## Extracted information:
· · · · · · ·

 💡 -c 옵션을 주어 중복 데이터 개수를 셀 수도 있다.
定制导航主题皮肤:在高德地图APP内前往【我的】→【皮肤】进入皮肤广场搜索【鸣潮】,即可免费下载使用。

· · · · · · ·

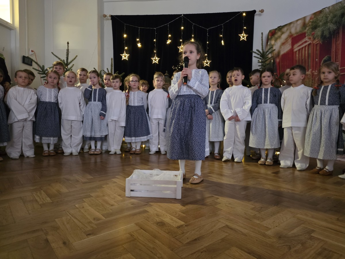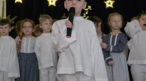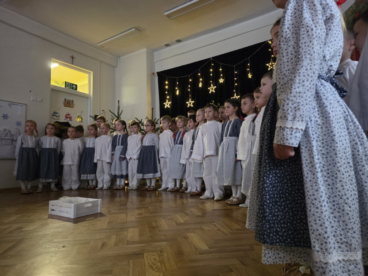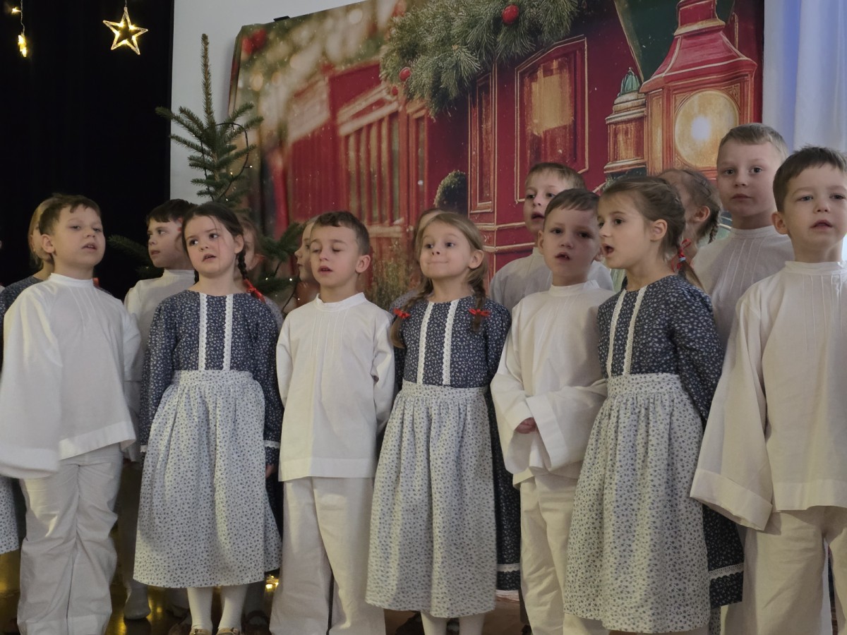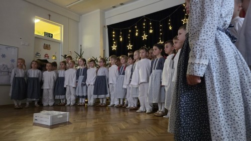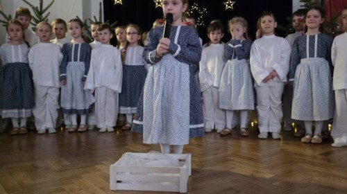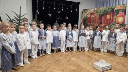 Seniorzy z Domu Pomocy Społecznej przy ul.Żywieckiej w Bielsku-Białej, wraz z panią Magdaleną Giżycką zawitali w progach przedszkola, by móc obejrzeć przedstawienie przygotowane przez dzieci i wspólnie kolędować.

· · · · · · ·

## Aim of the task:
Begin at the line that has "개수를 셀 수도 있다." in the entries above; stop after the line that has "定制导航主题皮肤:在高德地图". Transcribe exactly those lines and no others.

## Solution to the problem:
 💡 -c 옵션을 주어 중복 데이터 개수를 셀 수도 있다.
定制导航主题皮肤:在高德地图APP内前往【我的】→【皮肤】进入皮肤广场搜索【鸣潮】,即可免费下载使用。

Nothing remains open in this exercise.